Дядя подал племяннику исписанный лист бумаги, и племянник прочел с ужасом:
«Никто не виноват. Мы сами своей волею.
За вырытие двух могил столько-то.
Доктору за осмотр столько-то.
На угощенье столько-то.
Итого: 515 р. 75 к., которые при сем прилагаются.
Такого-то числа в 12 с четвертью пополуночи».
– Вы шутите? – вскричал молодой человек.
– Я? – спокойно спросил дядя.
– Что значит эта бумага?
– Ничего. Порядок, как всегда. Так должно. Так привык. А то известное дело, после меня, на то, на се, растащут, разворуют…
– Вы сами?..
– Да – я сам. Твой отец выручил меня из беды. Правда. Долг, святой долг!..
– Но у вас есть деньги?..
– Есть деньги – немного, есть и дети – их много. Без изъяна на них достанет, с изъяном – не достанет. – Не по миру же им – ради тебя.

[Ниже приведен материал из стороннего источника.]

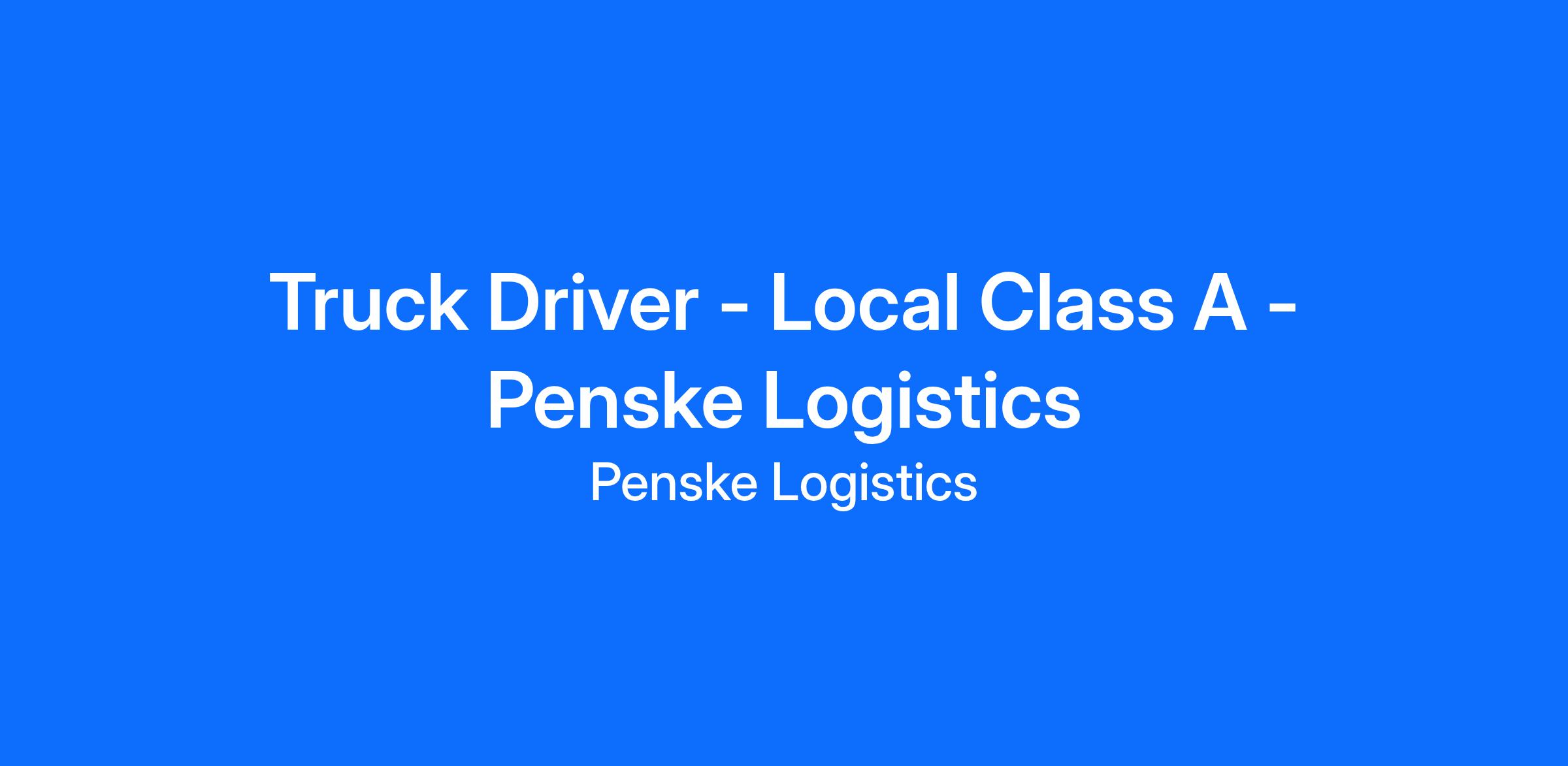 Truck Driver - Local Class A - Penske Logistics

– Что ж вы намерены делать?..
– Что должно. В полночь 24 часа. Честь страждет. В долгий ящик – поздно. Сегодня зову на игру. На квит не согласятся. Одно средство: двоить – на мартингал. Твой отец меня выручил. Тряхну стариной. Или пан, или пропал. Повезет до полночи – хорошо, – не повезет – ты и я разом – и концы в воду.
– Это ужасно! Неужели нет другого средства?.. в девятнадцать лет… Графиня… счастье…
– Поздно хныкать… Говорили. Не послушал. Убивал и время, и деньги. Теперь поздно. Твой отец выручил меня из беды. Делаю, что могу. Спасаю семейную честь…
– Неужели нельзя перехватить где-нибудь?..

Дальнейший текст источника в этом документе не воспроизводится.